ID cards ‘to be UK institution’
Liam Byrne has been speaking about ID cards at a conference at Chatham House. The BBC reports:
The identity card scheme will become a “great British institution” on a par with the railways in the 19th Century, Home Office minister Liam Byrne says.
He said it was “time to get on with it” and predicted that the National Identity Scheme “will soon become part of the fabric of British life”.
But plans to “multiply the uses” of the ID scheme, would mean there should be stronger accountability to Parliament.
The full text of his speech is here.





June 19th, 2007 at 14:58
Mr Byrne fails to mention that this ID card, which he insists will become crucial to my daily life, will not belong to me, and that the Home Secretary reserves the right to take it away from me completely at any time.
Even when I have “my” ID card, the Home Office expects me to have to put it into card readers at doctor’s surgeries, post offices, banks, shops and hospitals in order to verify my entitlement to carry out daily transactions. If the Home Office central computer says “No”, I will not be allowed to carry out that transaction.
This effectively gives the Home Office a day-by-day, case-by-case veto on many of the actions essential to my daily life.
Here’s the crucial question everyone should ask themselves – Do you believe that you will control “your” ID card? Or will it instead come to control you?
June 19th, 2007 at 16:10
[...] Mr. Byrne. (Not so much the card, but the database which is a compulsory aspect). Update: No2ID have spotted this story too [...]
June 19th, 2007 at 19:13
What a pompous twat Byrne shows himself to be.
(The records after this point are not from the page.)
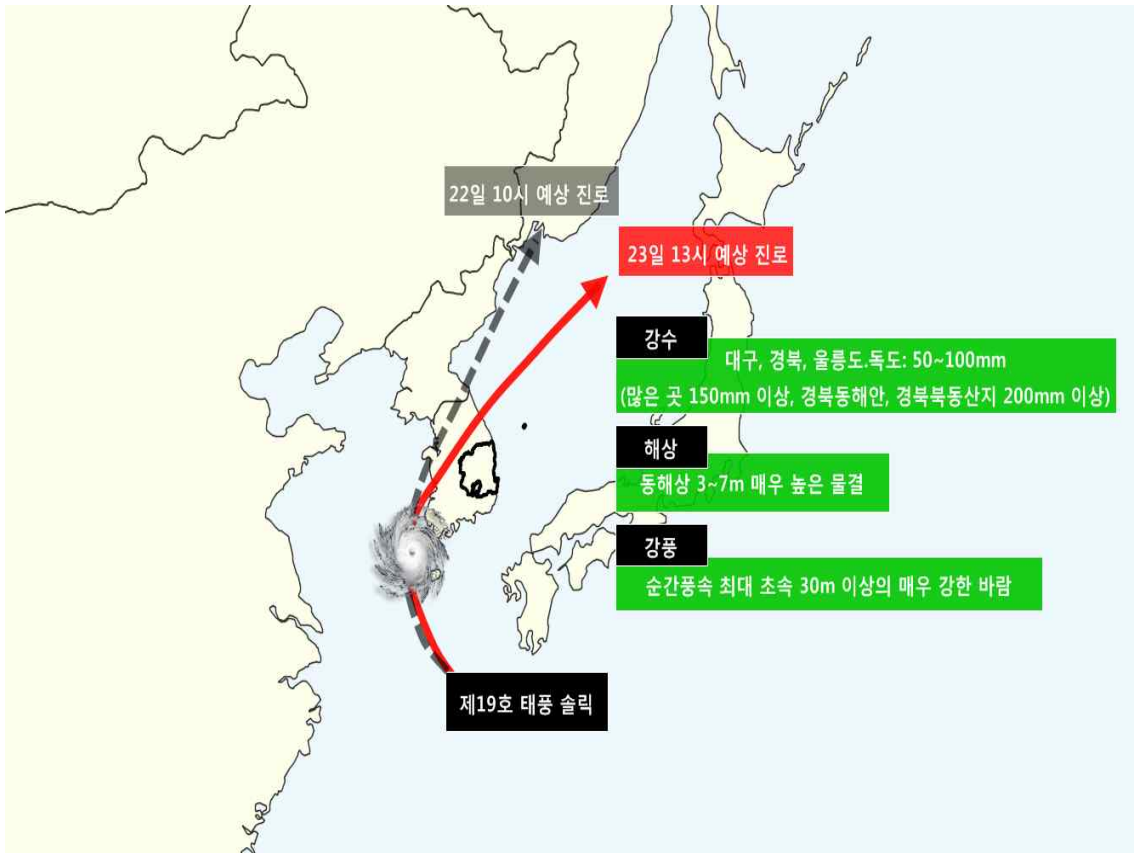
<태풍 예상 진로 모식도>

※ 태풍의 예상진로가 대구와 경북에 더 가까워져 위험기상 가능성이 강화됨
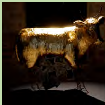
Sans Titre © TAFTA, 2017, ADAGP
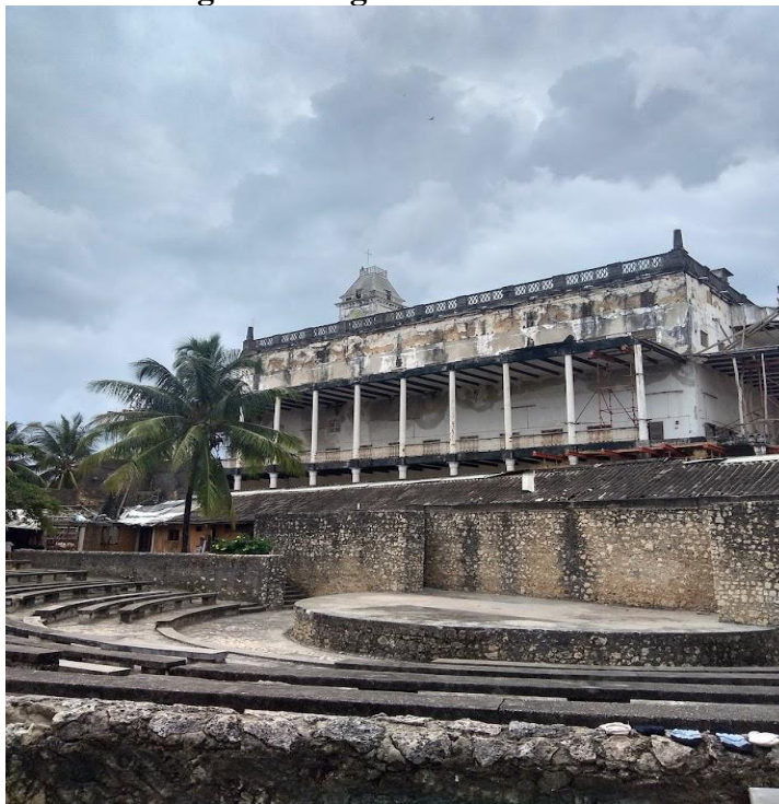
Obrázek 5 Ngome Kongwe/Omani Fort
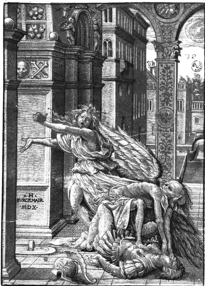
FIG. 1 – Hans Burgkmair il Vecchio, Gli amanti sorpresi dalla Morte , 1510. Firenze, Gabinetto dei Disegni e delle Stampe degli Uffizi, 10322 st. sc.
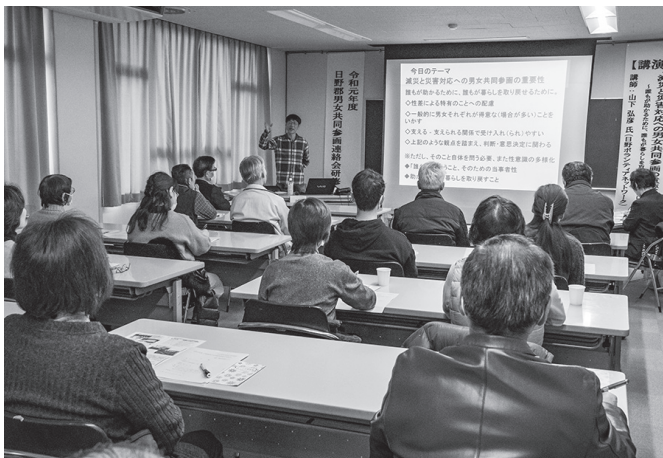
日野郡内外から20人余りが参加
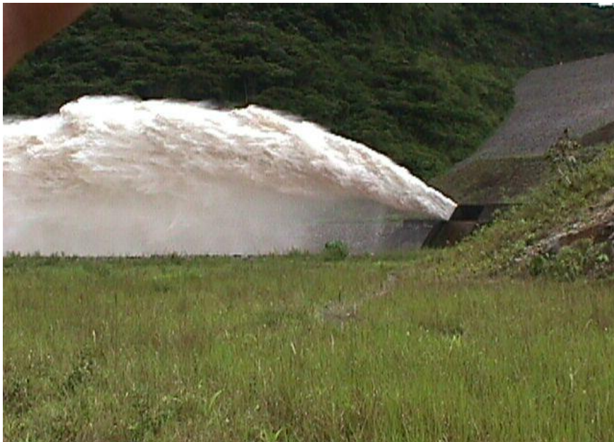
Embalse la Honda, aliviando sus aguas.
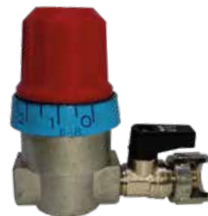
REGULADOR + TORNEIRA BAIONETA
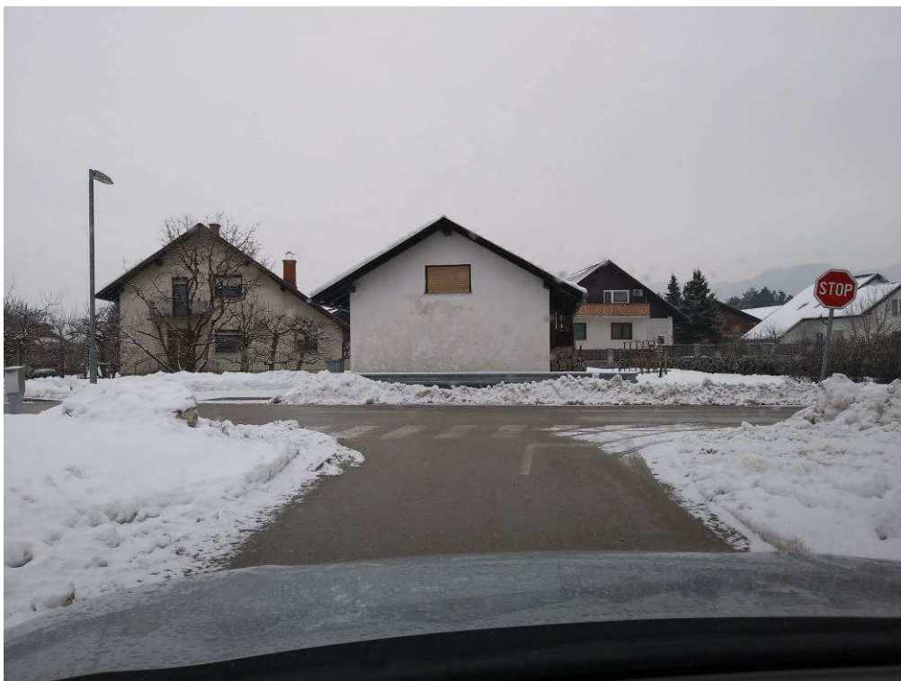
Slika 7: Konec trase
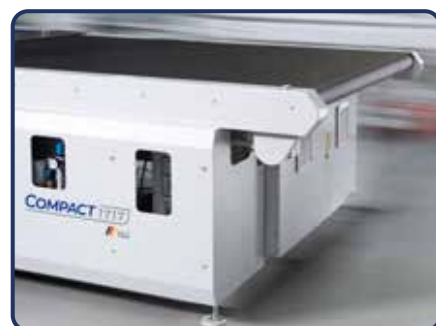
Espaço amplo na área de descarte para retirada dos blocos cortados.
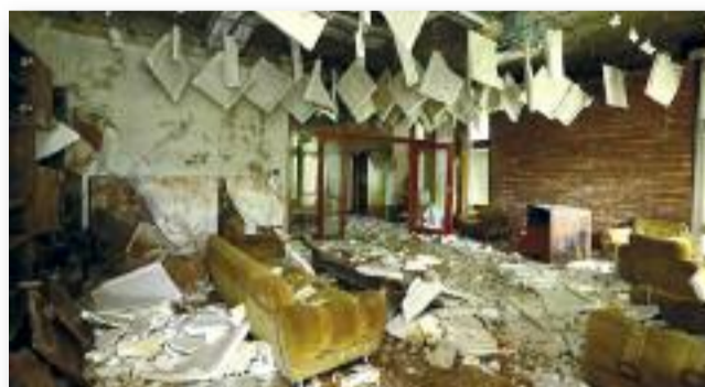
A Kádár nyaraló belülről

Kádár villája körülbelül 50 méterre található a Balatontól. Ma a korábbi pártüdülő nagy részét már elbontották, de a Castro, illetve a Kádár-villa még mind a mai napig áll.
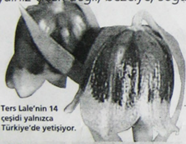
Ters Lale'nin 14 çeşidi yalnızca Türkiye'de yetişiyor.
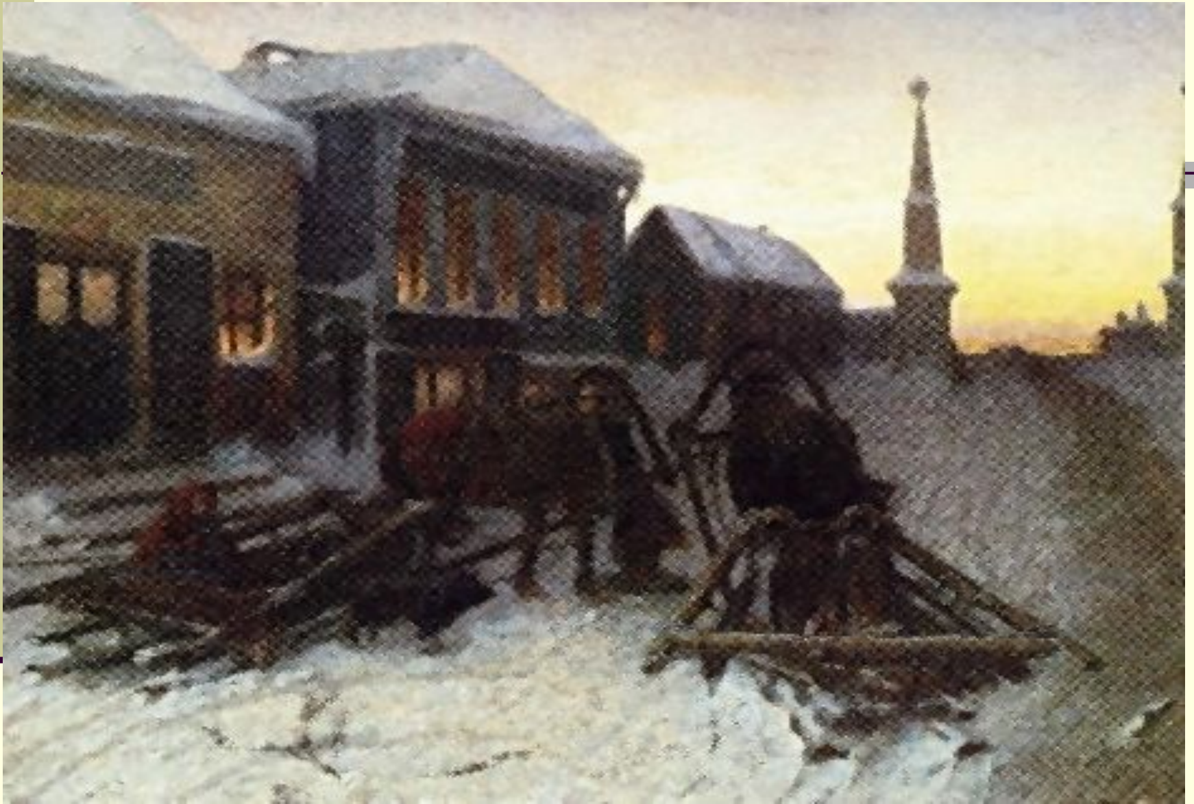
Последний кабак у заставы

The only institution this scheme resembles is The Thousand Year Reich,but given that regime was also run by a meglomaniac who nobody had the courage to stand up to,is it any wonder!
June 19th, 2007 at 21:32
Byrne’s comments are pure puffery and we should pay them no mind. No doubt similar confident predictions were being made by Thatcher acolytes in the run up to the Poll Tax. And we all know what happened to that.
June 20th, 2007 at 07:53
Jon Henley’s diary in The Guardian has an entertaining comment on Mr Byrne’s railway analogy:
We find ourselves more than usually perplexed by immigration minister Liam Byrne’s curious assertion yesterday that the government’s planned national identity card scheme will, in no time at all, become a “great British institution” comparable to “the railways in the 19th century”. Leaving aside the fact that the analogy is manifestly unjust to the wondrous state of our nation’s railways in the 21st century, if the minister means in some way to imply that the birth of the ID card will also be attended by dodgy parliamentary dealings, catastrophic technological failures and frequent financial disaster, we can’t help feeling he’s some way wide of the mark. Poor show!
http://politics.guardian.co.uk/backbench/comment/0,,2106945,00.html
June 20th, 2007 at 10:30
His speech doesn’t make sense even in its own terms: “The great risk of laissez-faire identity systems is the risk that they could exclude people deliberately – or price them out of secure access to things. That is why we have to keep costs down. Once in operation, the National Identity Scheme will be self-funding through fee income. It will not use funds intended for any other Government purpose.”
If the scheme really is “self-funding”, then card holders will have to pay more for “secure access to things”, not less.